Statement on House Energy & Commerce Committee Passing Dangerous Bill to Ramp up Drug War Punishment

Statement March 24, 2023
Media Contact

Contact: 
Matt Sutton 212-613-8026
[email protected]

Washington, D.C. – March 22, 2023 – Today, the House Energy & Commerce Committee passed the Halt All Lethal Trafficking of Fentanyl (HALT) Act (H.R. 467) out of committee (26 yea, 19 nay). This legislation would ramp up mandatory minimum sentencing for fentanyl-related substances. It would also permanently schedule all fentanyl-related substances as Schedule I without first testing them for benefits or harm.  

By putting fentanyl-related substances on Schedule I, they are criminalized the most harshly. Criminalization has led to a stronger, more potent illicit drug supply.  Of the few fentanyl-related substances tested on a limited basis by the FDA, at least one showed properties similar to the overdose-reversing medication naloxone. Others were found to be completely harmless and should never have been classified as Schedule I. Under this legislation, people will be criminalized regardless of the science. Yet, members of Congress continue to double down on the disproven, failed approach of drug prohibition at the expense of people’s lives.  

In response, Maritza Perez Medina, Director of the Office of Federal Affairs at the Drug Policy Alliance, released the following statement: 

“We all want to turn the tide on the overdose crisis, which has already claimed the lives of hundreds of thousands of our friends, family members and neighbors. But increasing drug war criminalization is a disproven, failed strategy. The reason illicit fentanyl analogues have overtaken our drug supply is because of crackdowns on heroin. Now, the classwide scheduling of fentanyl-related substances is leading to even more potent opioids and tranquilizers as a result.  

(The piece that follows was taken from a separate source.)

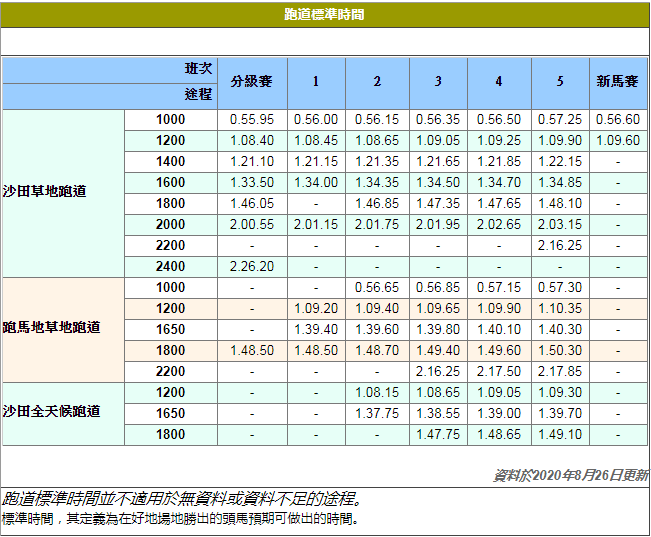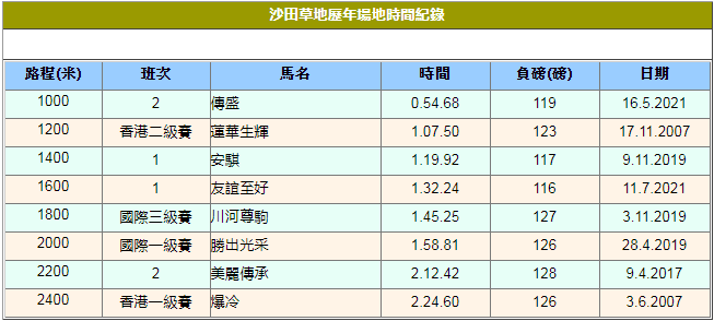 以上截圖為香港沙田草地歷年場地時間紀錄表
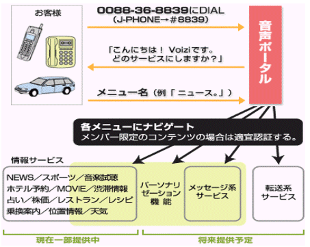 首先撥星號*(0088-36-8839,J-PHONE是#8839),接通后則是VOIZI主菜單,在電話員小姐的導(dǎo)播之后您可說出您希望的菜單,即可連接。之后再根據(jù)導(dǎo)播說出自己的希望,繼續(xù)進(jìn)行使用。

“By voting in favor of a version of the HALT Fentanyl Act that doubles down on mandatory minimums, proponents of permanent class-wide scheduling are showing their true colors. The goal is not to address the overdose crisis and keep people alive. The goal is to grandstand using tough-on-crime rhetoric of the past to control communities and provide a false sense of safety. This approach is not only counterproductive to addressing the issue of overdose, but it will continue to disproportionately impact Black, Latinx and Indigenous communities because of targeted enforcement and oversurveillance. 

“We call on other House members and the Senate to reject fearmongering and criminalization. Congress must oppose this unprecedented and dangerous approach of making classwide scheduling of fentanyl-related substances permanent. To do this without even testing these substances for medical potential and harm is not only irresponsible, but also undoes decades of effort to reduce senseless drug war punishment, racial inequity and mass incarceration. And it risks creating a far stronger, more potent, more unpredictable illicit drug supply.  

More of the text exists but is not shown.